* **Work to complete**:
Set down the whole listing below exactly. The pictures stay out.

___ Data extract

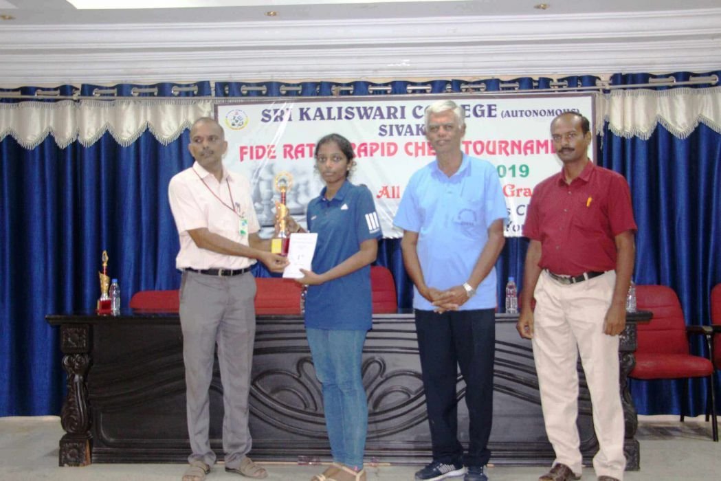 2019 Sivakasi Rapid WGM R Vaishali receives the champions trophy
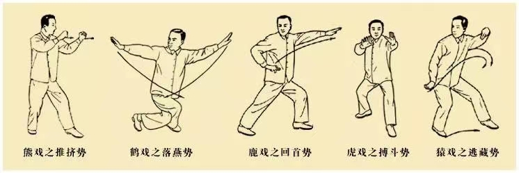 五禽戏:模仿虎、鹿、熊、猿、鸟(鹤)五种动物的动作,是一种外动内静、动中求静、动静俱备、有刚有柔、刚柔相济、内外兼修的仿生功法。
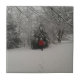 Esta azulejo mostra uma foto de uma criança caminhando através da neve fresca caída no inverno.

______

* **Exercise solution**:
 2019 Sivakasi Rapid WGM R Vaishali receives the champions trophy
 五禽戏:模仿虎、鹿、熊、猿、鸟(鹤)五种动物的动作,是一种外动内静、动中求静、动静俱备、有刚有柔、刚柔相济、内外兼修的仿生功法。
 Esta azulejo mostra uma foto de uma criança caminhando através da neve fresca caída no inverno.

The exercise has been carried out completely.